Figure 3. Ligand binding by PAE2072.

Figure 3

(a) A view of one of the two crystallographically independent dimers in the AMP-bound structure shows the positions of the four bound AMP molecules. Note the lack of any significant conformational change from the unliganded structure in Figure 1. (b) Difference density from a simulated annealing Fo-Fc omit map, contoured at 3.0 σ, reveals readily interpretable density for AMP. The coordinates from the final model are shown in stick representation. (c) Three residues from each subunit (Arg99, His100, and Arg117) are involved in coordinating multiple AMP molecules, which may suggest cooperative binding. Several well-ordered water molecules form bridging interactions, and may indicate space where additional phosphate groups, such as those on ATP, could be accommodated. The dimeric two-fold axis is indicated in the center of the figure and runs perpendicular to the page; the pseudo two-fold is shown in gray. (d) The mechanism of adenine nucleotide binding is strongly conserved in the CBS domains of PAE2072 (both binding sites are shown), mammalian AMPK (PDB code 2V92), and human ClC-5 (PDB code 2J9L), but not in bacterial MgtE (PDB code 2YVY). The four central beta strands of one subunit of PAE2072 were aligned with those of the tandem CBS domains of MgtE (RMSD = 0.81 Å over 20 Cα atoms) to model the potential position of a bound AMP molecule. Strong steric clashes between the protein and the modeled AMP can be seen, and no basic residues are in position to coordinate the phosphate residues. It therefore seems unlikely that MgtE binds adenine nucleotides in a manner similar to that observed in the other CBS domains shown here.
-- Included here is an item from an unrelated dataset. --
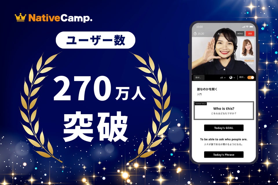 ネイティブスピーカーと回数無制限のオンライン英会話サービス「ネイティブキャンプ英会話」を展開する株式会社ネイティブキャンプ(東京都渋谷区 代表取締役:谷川国洋)はこの度、オンライン英会話業界で最大規模となるユーザー数270万人を達成いたしました。

Sequence-structure analysis of Pyrobaculum CBS domain proteins

A search of the Pfam database (release 22.0)29 revealed sixteen different proteins in the P. aerophilum genome that contain recognizable CBS domains. Remarkably, fourteen of these are standalone CBS domain proteins, more than were found in any other organism in the Pfam database. Two of the fourteen CBS domain proteins in P. aerophilum contain a large number of CBS domains (four in PAE2364 and seven in PAE3169), whereas the other twelve proteins are composed of two tandem CBS domains. These latter twelve formed the basis for a multiple sequence alignment (Figure 4A). The residues involved in binding AMP in PAE2072 were nearly universally conserved across the twelve proteins in the alignment; out of 132 total putative ligand-binding residues (twelve residues in each of the eleven other proteins), only two substitutions likely to affect contacts to adenine nucleotides were found. This degree of conservation stands out in view of the much lower similarity between the proteins over their full length; pairwise alignments yielded average values of 36% identity and 60% amino acid similarity. Aside from the termini, the segments of the multiple sequence alignment containing the most variation map to 1) the prominent loop connecting strands 2 and 3 of CBS1, and 2) the N-terminal, extended portion of CBS2, including the small N-terminal helix. In the structures of fission yeast, budding yeast, and mammalian AMPK, the surface defined by precisely these regions of the γ subunit is responsible for the interactions with the other subunits of the heterotrimeric complex (Figure 4B)22; 23; 24.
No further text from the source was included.